▶ _Input data_:

'''

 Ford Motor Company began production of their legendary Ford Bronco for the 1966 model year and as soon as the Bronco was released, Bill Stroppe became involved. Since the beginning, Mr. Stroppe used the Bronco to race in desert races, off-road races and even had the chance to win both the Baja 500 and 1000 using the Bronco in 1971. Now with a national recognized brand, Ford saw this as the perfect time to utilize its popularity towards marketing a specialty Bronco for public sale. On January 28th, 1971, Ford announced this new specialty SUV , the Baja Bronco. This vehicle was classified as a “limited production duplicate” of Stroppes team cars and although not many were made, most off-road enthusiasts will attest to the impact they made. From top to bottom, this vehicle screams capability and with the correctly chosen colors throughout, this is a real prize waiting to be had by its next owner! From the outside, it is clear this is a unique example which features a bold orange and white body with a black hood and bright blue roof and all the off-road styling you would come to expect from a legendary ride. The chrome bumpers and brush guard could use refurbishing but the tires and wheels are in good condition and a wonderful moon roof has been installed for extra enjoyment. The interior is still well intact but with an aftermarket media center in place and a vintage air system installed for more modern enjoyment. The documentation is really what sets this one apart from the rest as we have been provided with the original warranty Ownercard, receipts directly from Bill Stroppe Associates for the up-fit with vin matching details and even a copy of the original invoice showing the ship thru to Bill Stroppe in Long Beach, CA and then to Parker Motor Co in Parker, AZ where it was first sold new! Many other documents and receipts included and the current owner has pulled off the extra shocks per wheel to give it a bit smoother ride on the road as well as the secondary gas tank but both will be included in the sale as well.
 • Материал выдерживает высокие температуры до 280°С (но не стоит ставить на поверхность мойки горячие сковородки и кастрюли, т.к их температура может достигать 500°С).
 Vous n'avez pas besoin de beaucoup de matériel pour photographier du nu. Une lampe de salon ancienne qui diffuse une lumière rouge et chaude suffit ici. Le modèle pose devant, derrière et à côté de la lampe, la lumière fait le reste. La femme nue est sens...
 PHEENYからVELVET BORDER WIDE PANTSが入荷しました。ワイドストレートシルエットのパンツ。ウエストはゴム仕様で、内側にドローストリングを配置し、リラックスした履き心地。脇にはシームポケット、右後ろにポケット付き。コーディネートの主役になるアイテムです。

'''

▶ _Problem_: Lines from the one containing "Vous n'avez pas" to the last line above, both included: copy these exactly and write nothing else.

▶ _Reply_:
 Vous n'avez pas besoin de beaucoup de matériel pour photographier du nu. Une lampe de salon ancienne qui diffuse une lumière rouge et chaude suffit ici. Le modèle pose devant, derrière et à côté de la lampe, la lumière fait le reste. La femme nue est sens...
 PHEENYからVELVET BORDER WIDE PANTSが入荷しました。ワイドストレートシルエットのパンツ。ウエストはゴム仕様で、内側にドローストリングを配置し、リラックスした履き心地。脇にはシームポケット、右後ろにポケット付き。コーディネートの主役になるアイテムです。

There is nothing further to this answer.